Przegląd nowości

Oniegin dla wytrwałych

Opublikowano: wtorek, 08, październik 2013 17:41

Najnowsza inscenizacja „Eugeniusza Oniegina” Piotra Czajkowskiego w nowojorskiej Metropolitan Opera sprawia wrażenie jakby wyszła spod ręki kilku reżyserów. Dwa pierwsze akty wydają się dziełem amatorów, którzy przede wszystkim nie potrafią zapanować nad porządkiem na scenie.
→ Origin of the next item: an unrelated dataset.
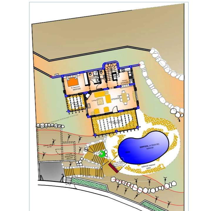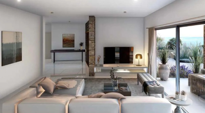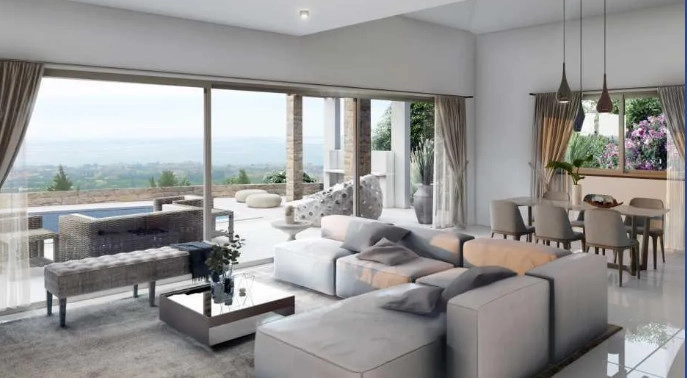 A unique 3 bedroom villa for sale in a fantastic location in Kamares, Paphos (Tala) and with wonderful views. The house includes a large living room, a veranda and a private garden. The real estate developer has carefully selected one of the best locations in Cyprus for the construction of exclusive and luxurious individual bungalows, duplex and two-storey houses. The villa has its own original architecture, and the thoughtful interior and exterior blend harmoniously with the surrounding nature. The use of stone, wood, and arches is typical of the landscape, while pools, barbecues, sun terraces, and even private tennis courts add luxury to the Mediterranean outdoor lifestyle. Restaurant. Lagoon-shaped outdoor pool. Tennis courts. 24-hour emergency center. A venue for private events.

Dzieje się na niej wiele, by nie powiedzieć za dużo, co w końcu przynosi efekty monotonii i nudy, o której skądinąd wiele mówi zblazowany tytułowy bohater.

Eugeniusz Oniegin,MET 2

Hołd składany dziedziczce przez żniwiarzy przeradza się w wielką procesję z popami i świętymi obrazami, a następnie orgiastyczne tańce, przybierające formę chorobliwego zapamiętania, z podrzucaną do góry dziewczyną. Poza tym w rosyjskim dworze niczym w japońskim domu występują przesuwane ściany. Chaos osiąga swoje apogeum w scenie imienin Tatiany, rozgrywających się w pomieszczeniu nisko sklepionym (czyżby na strychu?), w którym uwijają się oprócz gości i tancerzy, tabuny dzieci poprzebierane w stroje, bardziej kojarzące się ze świętem Purym i jego grami o Esterze, a Francuz Triquet z transparentem „Święta Tatiana z Rzymu” (?) wydaje się być napoleońskim weteranem, który ze względu na utratę nogi na zawsze zmuszony był pozostać w rosyjskiej głuszy, o której też wielokrotnie wspomina się w libretcie.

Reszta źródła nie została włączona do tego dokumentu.